Unread postby Y@ » Tue Feb 04, 2014 8:09 pm

The Lorain Subdivision was, in its day, a somewhat busy bridge route for the WI&I. Constructed between 1849 and 1860, the railroad connected Knoxville, TN, to St. Louis, MO, under the operation of three separate railroads. CTC was installed on the line in the 1950's, with US&S searchlights being installed by the WI&I, as was standard across the system. By the early 1970's, the portion from Bowling Green, KY, to Knoxville was abandoned and largely ripped up, but the west end had survived thanks to a steady flow of both online and overhead traffic. A sizable yard in Bowling Green was jointly operated by the WI&I and L&N, then Seaboard System, Chessie System and eventually CSX until 1990. West of Bowling Green, the railroad ran through the hills of western Kentucky to the Ohio River at Owensboro, where it met the Bowling Green Southern on the north side. Although the Lorain Subdivision (known as the Bowling Green Line in the 60's and 70's) went directly to the namesake of the BGS, they did not directly connect there. The WI&I paralleled the BGS from Four Mile Creek, Indiana, into Evansville, then continued on to St. Louis. When the stretch from Four Mile to Evansville became part of the Evansville Terminal in 1980, the Lorain Sub was 81.7 miles long between Four Mile and Bowling Green.

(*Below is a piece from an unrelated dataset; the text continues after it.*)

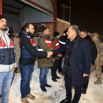 Bingöl’de yılbaşı gecesi etkisini artıran yoğun kar yağışı, buzlanma ve dondurucu soğuk havaya rağmen, vatandaşların yeni yıla huzur ve güven içerisinde girebilmesi için Emniyet Müdürlüğü ve Jandarma Komutanlığı ekipleri çalışmalarını sürdürüyor. Vali Dr. Ahmet Hamdi Usta beraberindeki İl Jandarma Komutanı Tuğgeneral Sabri Küyük ve İl Emniyet Müdürümüz Beyti Kalaycı ile birlikte Ekinyolu Jandarma Uygulama Noktasında görevli personel ile bir araya geldi. Çalışmalar ve son durum hakkında bilgi alan Vali Usta, aynı zamanda hem güvenlik güçlerinin hem de seyahat eden vatanların yeni yılını kutladı.
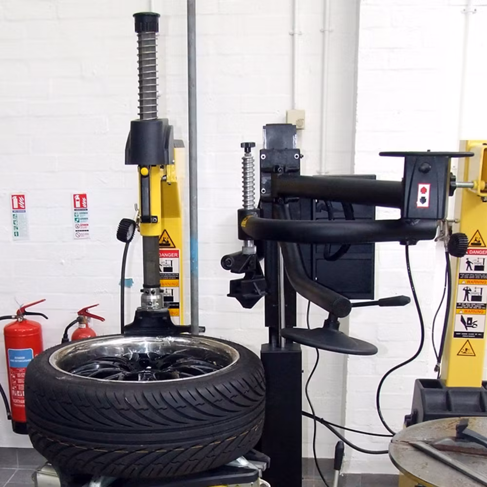 Denna däckmaskin kan utrustas med en hjälp arm (WCAA tillval, 9995:-)

At the time, this was the WI&I's only route extending towards southern Indiana and Kentucky, and thus a solid traffic base and plenty of interchange with other roads was done. In the mid-80's, traffic levels were higher than ever before as the WI&I and newly formed Seaboard System had come to an agreement on routing bridge traffic over the WI&I from Bowling Green to Evansville. It was not uncommon to see overhead traffic from any of the western class one's running over the WI&I to reach southern connections. A strong online traffic base between Bowling Green and Mill Village, which was about 2/3 of the way to Owensboro, was also vital to the WI&I. During 1983-1988 period, traffic levels were consistently high. An average of 25 trains a day operated between Bowling Green and Evansville.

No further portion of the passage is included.